Enfin, je terminerai par quelques mots sur le volet « immobilier » de cette LPM qui nous paraît notoirement insuffisant.

J'évoquerai ici la question des recettes de cessions et autres produits immobiliers du ministère. Vous savez que cette LPM poursuit un objectif de « sincérisation », qui doit être approuvé. Elle ne repose donc pas, et c'est heureux, sur des recettes exceptionnelles aléatoires. Toutefois cela ne signifie pas que le ministère des armées doive être privé de ce type de recettes. Les produits de cessions immobilières attendus sur la période 2019-2025 sont très importants : environ 500 millions d'euros. La dynamisation des redevances et recettes locatives représente également un potentiel considérable.

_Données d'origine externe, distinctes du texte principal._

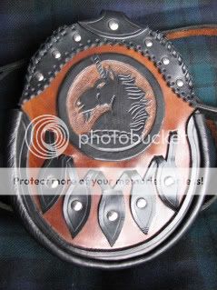 Thanks for the nudge Chuck. Here are a couple of pics of my latest creation, inspired by the ideas and craftsmanship I've seen on this forum. The unicorn in the middle is from Clan Cunningham's crest. I had a bit of a problem with the gusset gaping open on both sides, and ended up wetting it and clamping in the closed postion and that seemed to take care of it.

Nous vous proposerons à ce sujet plusieurs amendements, notamment un amendement à l'article 3, afin de sécuriser le retour au ministère des armées de l'intégralité de ses produits immobiliers.

Nous vous proposerons également des aménagements à la décote dite « Duflot » qui entraîne des pertes de recettes considérables pour le ministère des armées. Cette décote peut aller jusqu'à 100 % de la valeur vénale des terrains cédés, destinés à la réalisation de logements sociaux. Nous l'avions limitée à 30 %, lors de l'actualisation de la précédente LPM. Mais le compromis que nous avions trouvé en CMP avec l'Assemblée a été abrogé dans la loi de finances qui a suivi. Nous le regrettons.

Le mécanisme de décote a déjà entraîné un manque à gagner pour la défense de 25 millions d'euros, auxquels il faut ajouter 50 millions d'euros de pertes de recettes prévisibles, dans le cadre de la cession en cours de l'îlot Saint-Germain. Si l'on y ajoute la moins-value née de la vente de l'Hôtel de l'Artillerie de gré à gré à Sciences po (évaluée à au moins 30 millions d'euros), ce sont déjà 105 millions d'euros qui ont été perdus, au total, pour la défense. Et la cession du Val de Grâce pourrait accroître ce manque à gagner.

Il est temps de cesser de brader ainsi le patrimoine du ministère des armées, alors que le contexte a changé, et que les besoins sont considérables.

Je laisse à présent la parole à Gilbert Roger.